:: PROVIDED MATERIAL ::

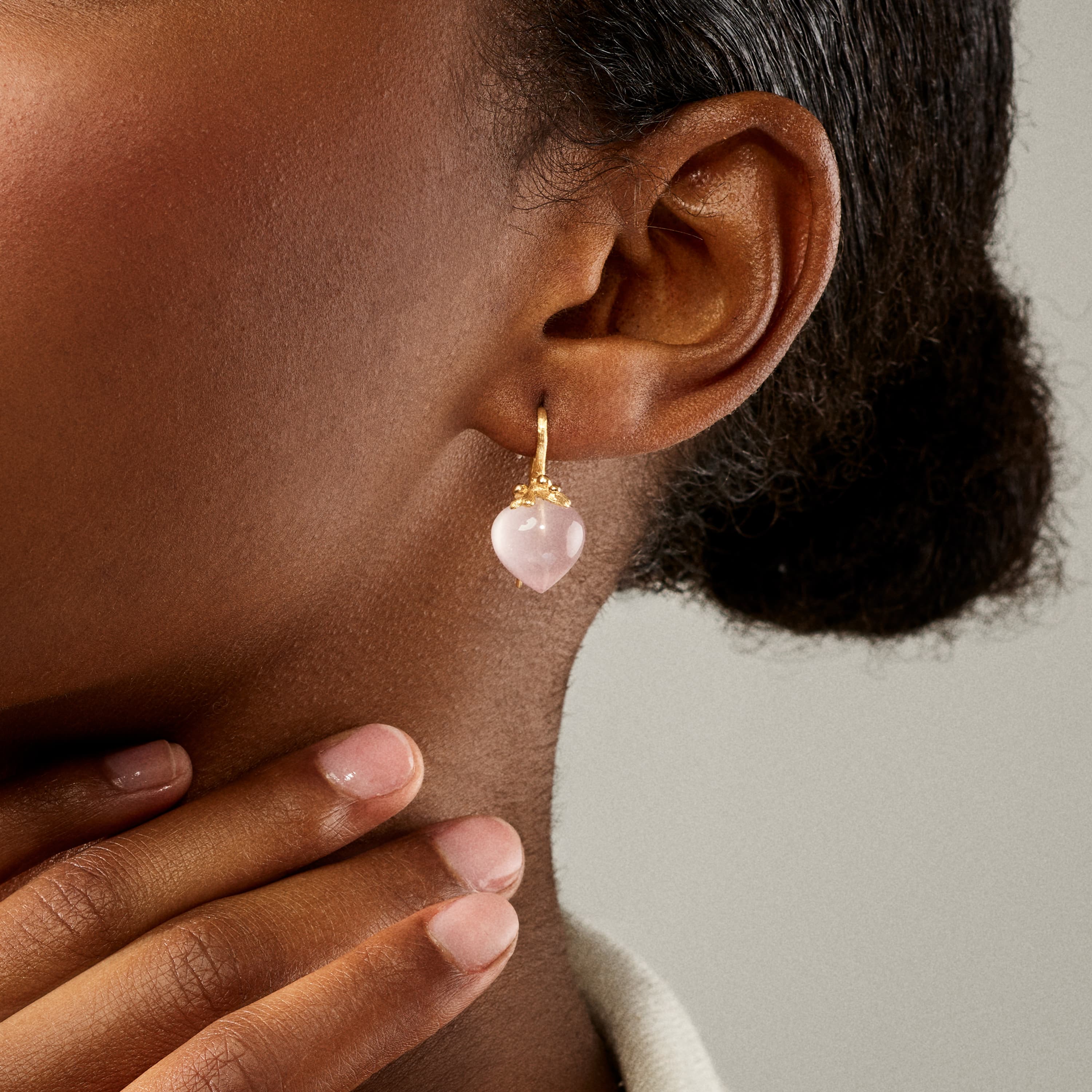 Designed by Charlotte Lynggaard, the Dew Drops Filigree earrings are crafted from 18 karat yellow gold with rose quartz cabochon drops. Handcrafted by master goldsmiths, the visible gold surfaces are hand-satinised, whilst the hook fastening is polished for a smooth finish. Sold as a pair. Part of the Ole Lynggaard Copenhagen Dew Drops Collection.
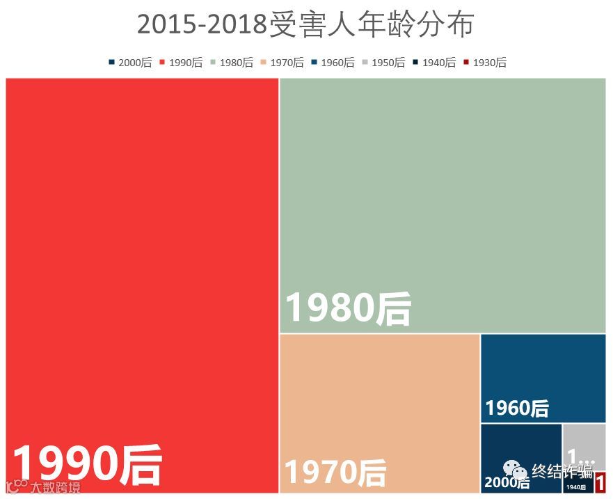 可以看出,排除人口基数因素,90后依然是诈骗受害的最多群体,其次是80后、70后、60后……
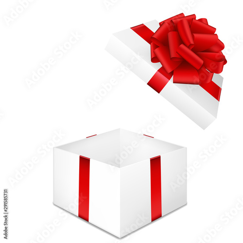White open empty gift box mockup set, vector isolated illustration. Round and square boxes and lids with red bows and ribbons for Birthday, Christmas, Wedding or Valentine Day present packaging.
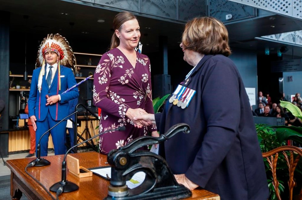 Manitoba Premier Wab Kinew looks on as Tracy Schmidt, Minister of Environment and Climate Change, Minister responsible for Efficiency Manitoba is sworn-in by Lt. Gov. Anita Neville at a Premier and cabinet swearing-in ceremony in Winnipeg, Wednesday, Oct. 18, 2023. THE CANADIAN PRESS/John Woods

:::

> **HOW TO COMPLETE THIS TASK**
To complete the exercise, return the listing above exactly and omit its pictures.

> **SOLUTION**
 Designed by Charlotte Lynggaard, the Dew Drops Filigree earrings are crafted from 18 karat yellow gold with rose quartz cabochon drops. Handcrafted by master goldsmiths, the visible gold surfaces are hand-satinised, whilst the hook fastening is polished for a smooth finish. Sold as a pair. Part of the Ole Lynggaard Copenhagen Dew Drops Collection.
 可以看出,排除人口基数因素,90后依然是诈骗受害的最多群体,其次是80后、70后、60后……
White open empty gift box mockup set, vector isolated illustration. Round and square boxes and lids with red bows and ribbons for Birthday, Christmas, Wedding or Valentine Day present packaging.
 Manitoba Premier Wab Kinew looks on as Tracy Schmidt, Minister of Environment and Climate Change, Minister responsible for Efficiency Manitoba is sworn-in by Lt. Gov. Anita Neville at a Premier and cabinet swearing-in ceremony in Winnipeg, Wednesday, Oct. 18, 2023. THE CANADIAN PRESS/John Woods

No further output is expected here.